Inside the Study "Generative Engine Optimization: How to Dominate AI Search"

This article dissects the comprehensive research paper from the University of Toronto (arxiv.org/abs/2509.08919)—translating dense academic findings into actionable insights anyone can understand.

Our approach is simple: We'll show you exactly what the researchers discovered using their technical language, then explain what it actually means in plain English, and finally give you concrete recommendations you can implement immediately.

Why This Research Paper Matters

The Research Team:

This study was conducted by Mahe Chen, Xiaoxuan Wang, Kaiwen Chen, and Nick Koudas at the University of Toronto. Their work represents one of the most comprehensive analyses of AI search engines to date, examining thousands of queries across multiple languages, industries, and AI platforms.

What the researchers stated in their abstract:

"The rapid adoption of generative AI-powered search engines like ChatGPT, Perplexity, and Gemini is fundamentally reshaping information retrieval, moving from traditional ranked lists to synthesized, citation-backed answers. This shift challenges established Search Engine Optimization (SEO) practices and necessitates a new paradigm, which we term Generative Engine Optimization (GEO)."
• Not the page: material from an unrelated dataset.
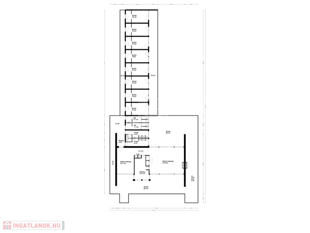Az épület kis felújítással jelenleg is alkalmas táborok vagy csoportok szezonális fogadására, a szálláshely 8 szobával üzemeltethető. A szobák előterében megtalálható a víz és vízelvezetés, nagyobb ráfordítással 8 stúdió apartman alakítható ki benne saját wc-vel ,saját fürdővel, saját minikonyhával.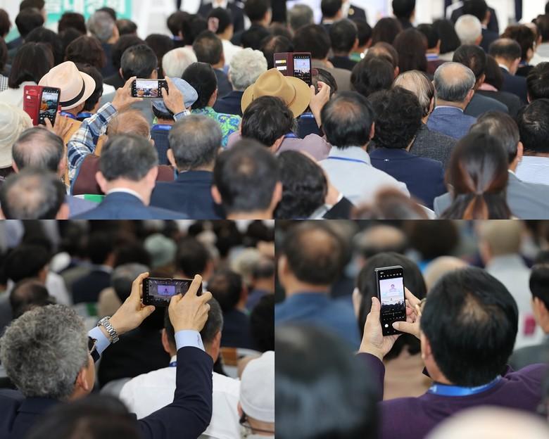 ▲‘2024 신천지 계시 성취 실상 증거 말씀대성회’가 5일 서울 영등포에서 열린 가운데 참석한 목회자들이 촬영하는 모습 [사진 제공 = 신천지예수교회]

What makes this study different:

  • Scale: Analyzed 1,000+ consumer queries across 10 verticals

  • Breadth: Compared Google against ChatGPT, Claude, Perplexity, and Gemini

  • Depth: Tested across 5 languages (Chinese, Japanese, German, French, Spanish) and multiple query variations

  • Rigor: Used controlled experiments with quantifiable metrics including Jaccard overlap indices, domain classification systems, and statistical aggregation

Research methodology:

The team employed a sophisticated pipeline that included automated query generation via GPT-4o, parallel execution across multiple AI engines with web search enabled, systematic domain extraction and classification into Brand/Earned/Social categories, and comprehensive overlap analysis using normalized similarity measures.

This isn't opinion or speculation—it's peer-reviewed, data-driven research showing exactly how AI search engines behave differently from traditional search.

Citation: Chen, M., Wang, X., Chen, K., & Koudas, N. (2025). Generative Engine Optimization: How to Dominate AI Search. arXiv:2509.08919 [cs.IR]. Retrieved from https://arxiv.org/abs/2509.08919

Let's break down their findings

Let's break down their findings...Think of this as your bridge between cutting-edge AI search research and practical generative engine optimization strategies that actually work in 2025.

The Big Picture: Why This Research Matters

What the researchers said:

"The rapid adoption of generative AI-powered search engines like ChatGPT, Perplexity, and Gemini is fundamentally reshaping information retrieval, moving from traditional ranked lists to synthesized, citation-backed answers. This shift challenges established Search Engine Optimization (SEO) practices and necessitates a new paradigm, which we term Generative Engine Optimization (GEO)."

What this actually means:

Remember when getting your website to rank on Google meant everything? That playbook is becoming obsolete. AI search tools like ChatGPT and Perplexity don't show users a list of ten blue links—they give direct answers and cite a handful of sources. If your brand isn't one of those sources, you're invisible.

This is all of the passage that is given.